The team consisted of: Ken Cook - smelt master Darrell Markewitz - assisting (and coaching) Neil Peterson - measuring and recording Lloyd Johnson came up to observe and assist with the final hammering of the bloom. There was considerably less prep work required, other than the construction of the more durable metal can for the smelter. The charcoal used was the Black Diamond from Bruce Cowan, which was pre-crushed to the ideal size. This experiment employed a number of new pieces of equipment: 1) The smelter itself, which was a smaller variation on our well proven fire brick construction Econo Norse furnace. This furnace was 20 cm in diameter, a change which is a considerable reduction to our normal size of closer to 30 cm. There was some concern that this roughly 40 % reduction in volume might prove a problem with the dynamics of the furnace. I was encouraged by Skip Williams' recent experiments with very small table top sized furnaces. 2) The use of the new, larger volume, electric blower I had just purchased. This is the same blower used by Sauder & Williams (to great success).

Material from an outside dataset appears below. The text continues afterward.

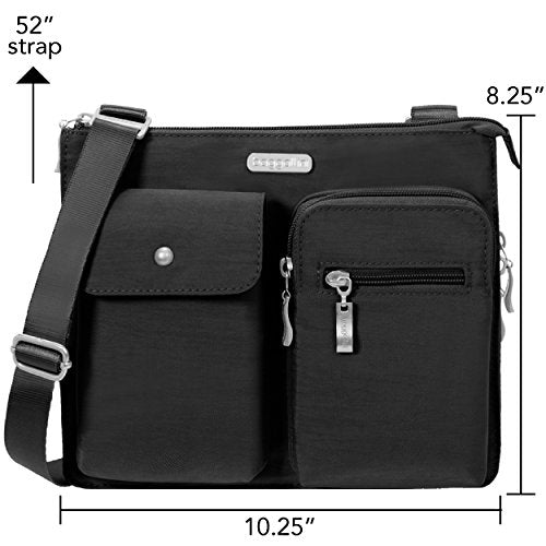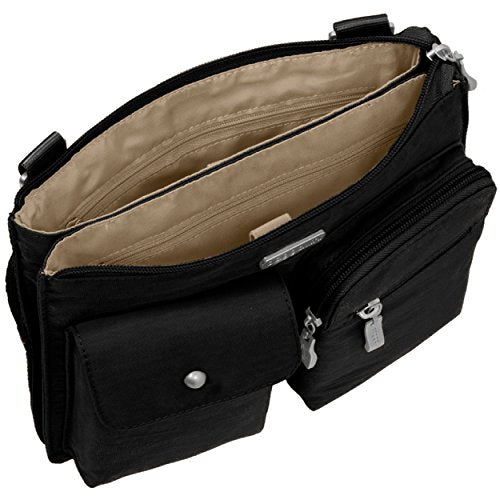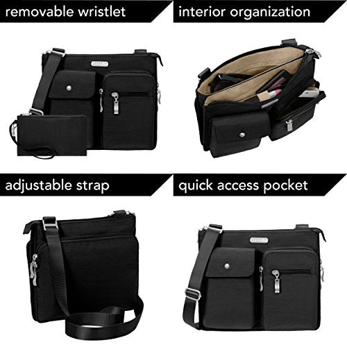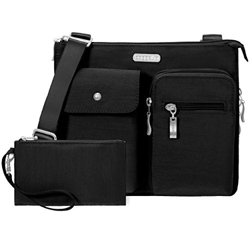 - Cross-body bag in lightweight, water-resistant nylon featuring removable coin purse, mismatched front compartments, and zippered middle wallet pocket with credit card slots
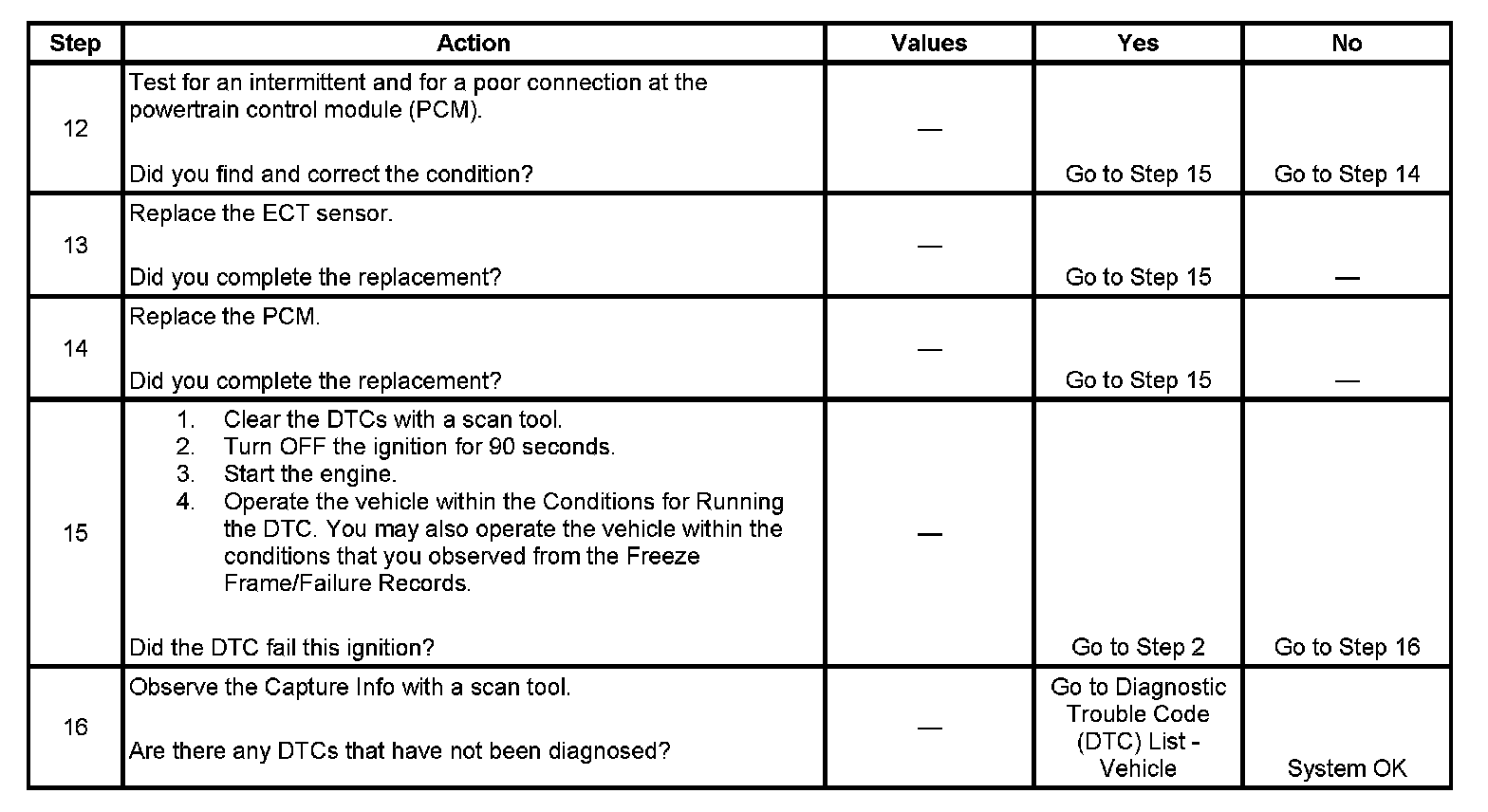 - A current DTC, Last Test Failed, clears when the diagnostic runs and passes.

It also would be the first time for the new sliding gate air control made up specifically for use with this unit. This would be coupled with the in-line set up for the air speed gauge and pressure gauge.
The extraction was from the bottom of the furnace, which had been constructed with a proportionally large tab arch. The image above shows Ken taking out the two bricks that blocked the arch during the smelt. (This was the first time Ken undertook an extraction.) As it turned out, there was a reasonably large slag block formed. The bloom proved properly positioned, and contained within the correct pool of liquid slag. With a bit of hammering, it was possible to break away the side of the slag and grab out the bloom.
The finished bloom is shown above. After a bit of compression hammering, it was decided to slice off a third as seen to give to Lloyd. The bloom was both smaller and less dense than I had hoped for: Bloom Weight - 2 kg Total Ore - 18 kg * Total Charcoal - 150 L (about 30 kg) Total Time - 4 1/2 hours (not including pre-heat) The yield is a bit better than it looks at first glance. We baked dry a measured sample of the ore analog, and it was found to contain 12 % water. This puts the 'real' weight of ore used at closer to 15.8 kg. This gives us a yield of about 13%. Still lower than our usual, but enough that the DARC Dirt 1 analog is worthy of further testing. There is still a very large mass of hardened slag to break free of the interior of the furnace. This may prove to have other smaller masses of metal contained in it. Certainly it would appear that there is a larger proportion of slag formed than has been seen in past uses of the larger brick furnaces with other ore types.